> AIM OF THE EXERCISE
Begin at the line below that has "2024年11月6日上午,旅". Stop after the line that has "Σχολικό εγχειρίδιο Βιολογίας", repeating each line exactly and leaving out the pictures.

> EXCERPTED DATA
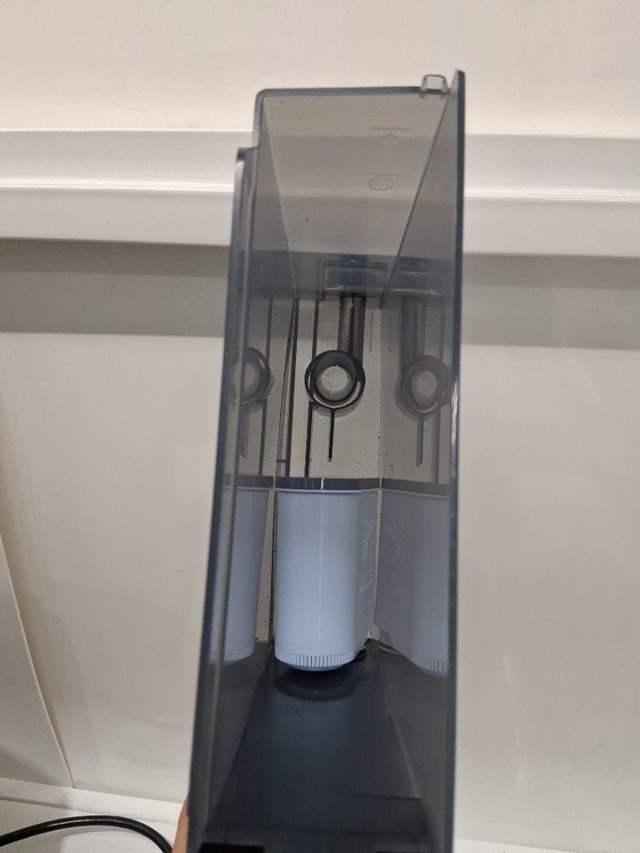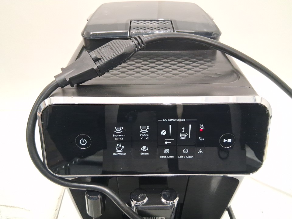 Minor coffee grounds debris throughout machine, light residue markings on the spout/frother, see photos. tested for power
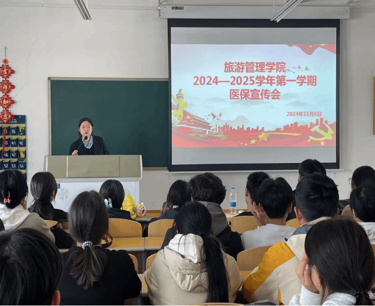 2024年11月6日上午,旅游管理学院在5A402召开2024—2025学年第一学期医疗保险宣传会。专职辅导员丁铨铨出席会议,学生会办公室干事以及全体班长参加会议。会议由丁铨铨主持。
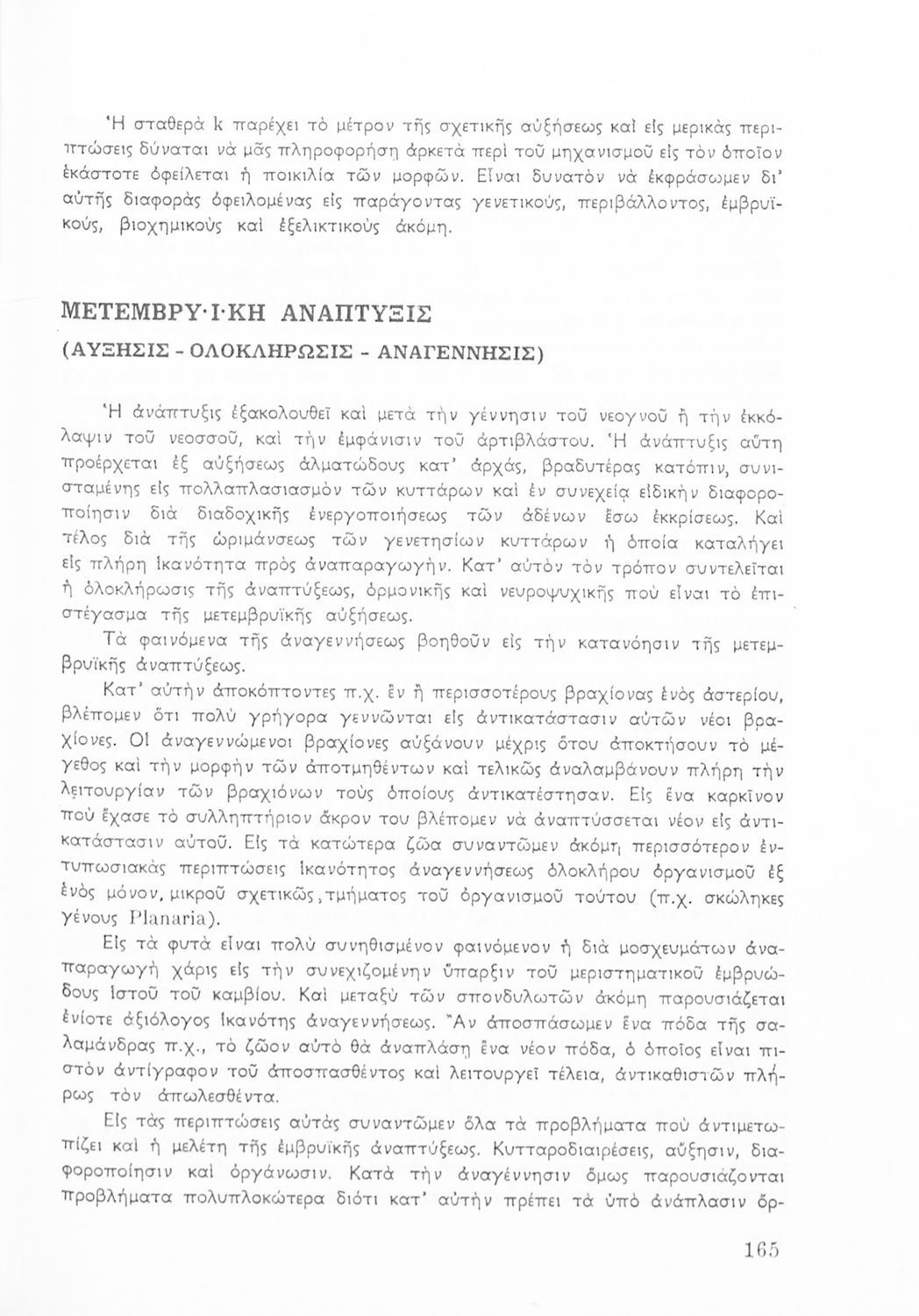 Σχολικό εγχειρίδιο Βιολογίας Δ΄ Γυμνασίου που εστιάζει στις συνθήκες γέννησης, μεταβολής και θανάτου των έμβιων οργανισμών. Ο συγγραφέας ήταν καθηγητής της γενικής Βιολογίας στο Πανεπιστήμιο Αθηνών.
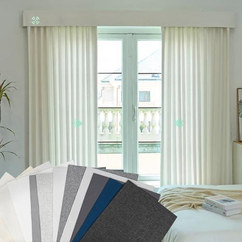 The innovative design features of this product make it an excellent choice for those looking to enhance their smart home experience. These curtains can easily be integrated with voice assistants like Alexa and Google Home, allowing for seamless voice control. The ability to customize fabric, with a focus on light colors, ensures that the curtains can complement various interior styles while providing practical thermal insulation. The product also comes with a measuring guide, enabling consumers to accurately specify the dimensions required for their windows.
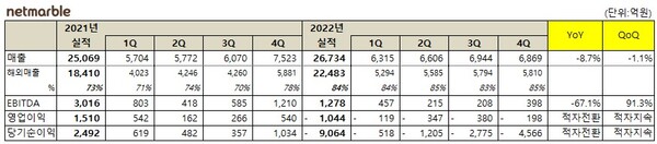 2022년 연간으로는 매출 2조 6734억원을 기록했으며, 누적 상각전 영업이익 1278억원, 누적 영업손실은 1044억원으로 집계됐다. 해외 매출은 4분기는 5810억원이며 연간 누적으로는 2조 2483억원을 차지, 연간 해외 매출 비중은 84%로, 지난해보다 11%P 증가했다.
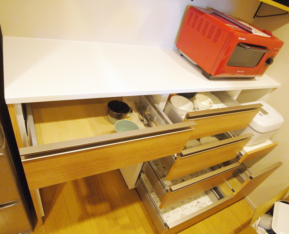 オーダーだからこそ、ゴミ箱のサイズや家電の配置に合わせた細やかな調整が可能です。
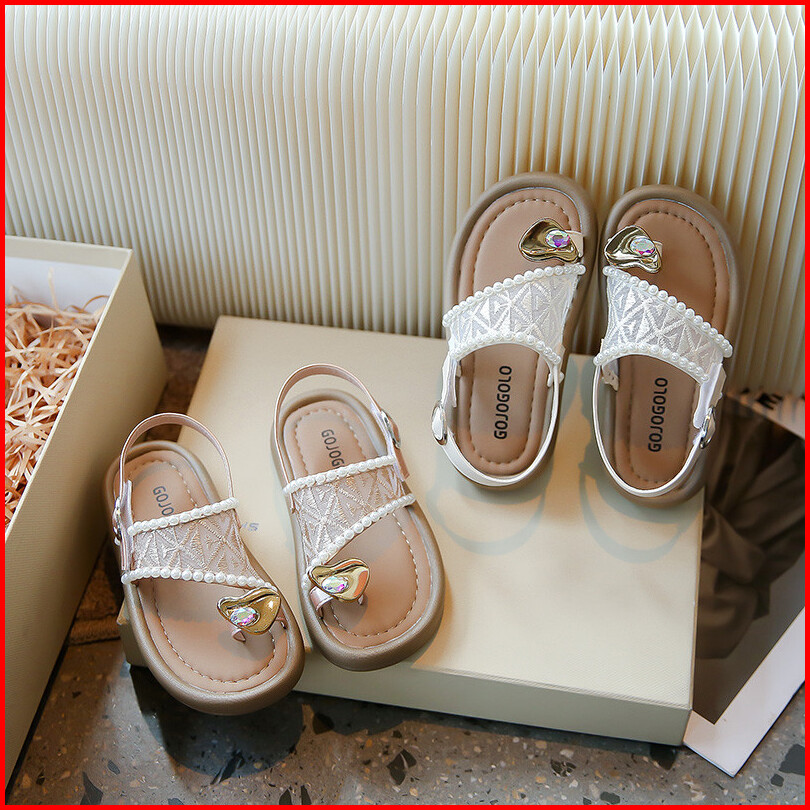 Sandal Ujung Terbuka Mutiara Berlian Hati Penuh Kasih Untuk Anak Perempuan Sepatu Anak-anak Nyaman Sol Lembut Bordir
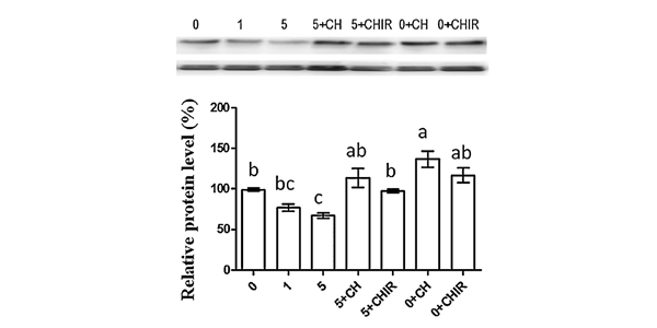Western analysis of β-catenin protein level in zebrafish embryos exposed to EOM in the presence or absence of CH/CHIR (n = 3). Different letters indicate significant differences. Moreover, both CH and CHIR attenuate the EOM-induced changes in the protein level of b-catenin and in EROD activity.
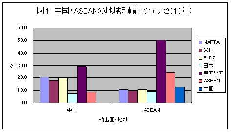 資料) 経済産業省 第40回海外事業活動基本調査 2010年7月、より作成 一層のACFTA活用が期待される日系現地法人 実際に、ACFTA域内に進出した日系企業は、域内貿易をどの程度行っているのであろうか。図3は、日本企業の中国現地法人の売上・仕入全体に占める「アジア」との売上・仕入のシェアを示したものである。本来ならば、中国現地法人の「ASEAN」との売上・仕入のシェアを見たいところであるが、残念ながら、中国現地法人の「ASEAN」との取引の数字は公表されていない。 中国現地法人の2009年度におけるアジア向け売上のシェアは12.3%であり、仕入のシェアは12.8%であった。これに対して、図4のように中国の全輸出に占める対ASEAN輸出のシェアは、2010年で8.7%、ASEANの全輸出に占める中国向けのシェアは12.7%であった。 日本の中国現地法人の売上・仕入は、「アジア」との取引である。もしも、「アジア」を「ASEAN」に置き換えた場合のシェアを推測すると、韓国・台湾・インドなどが抜けるため、半分近くに下がる可能性がある。 したがって、日本の中国現地法人のASEANとの売上・仕入のシェアが、中国とASEANとの輸出入のシェアと比較して、同等かそれを下回る可能性がある。ACFTAは日本企業の活用を目的としたものではないが、大きな影響力を持つ日系現地法人の一層の利用拡大が望まれる。 ASEANに進出した日本法人の中国との取引が公表されていないため、ACFTA域内に進出した日本企業全体の行動パターンを反映した結果を知ることができない。おそらくは、日本企業の現地法人によるASEANから中国への売上のシェアは、中国からASEANへの売上シェアよりも高いと想定される。 それでも、ACFTA域内に進出した日本企業がASEAN−中国間の貿易で圧倒的に取引を主導しているとは言えないと思われる。念のため、「日本企業の中国現地法人のアジアとの売上・仕入額」を「中国と東アジア(インドを除く)との輸出入額」で割ったシェアを算出した。 2010年の中国から東アジアへの輸出額は4,576億ドルで、中国現地法人のアジアへの売上額は464億ドル(2009年度)であったので、日本企業が貢献した割合は10.1%であった。逆に、東アジアから中国への輸出額は5,427億ドルで、中国現地法人のアジアからの仕入額は346億ドルであったので、日本企業が貢献した割合は6.4%であった。 すなわち、進出した日系企業の売上が中国とアジアとの貿易取引において貢献した割合は、大雑把に言って、1割程度と見込まれる。

> ANSWER FOR THE TASK
 2024年11月6日上午,旅游管理学院在5A402召开2024—2025学年第一学期医疗保险宣传会。专职辅导员丁铨铨出席会议,学生会办公室干事以及全体班长参加会议。会议由丁铨铨主持。
 Σχολικό εγχειρίδιο Βιολογίας Δ΄ Γυμνασίου που εστιάζει στις συνθήκες γέννησης, μεταβολής και θανάτου των έμβιων οργανισμών. Ο συγγραφέας ήταν καθηγητής της γενικής Βιολογίας στο Πανεπιστήμιο Αθηνών.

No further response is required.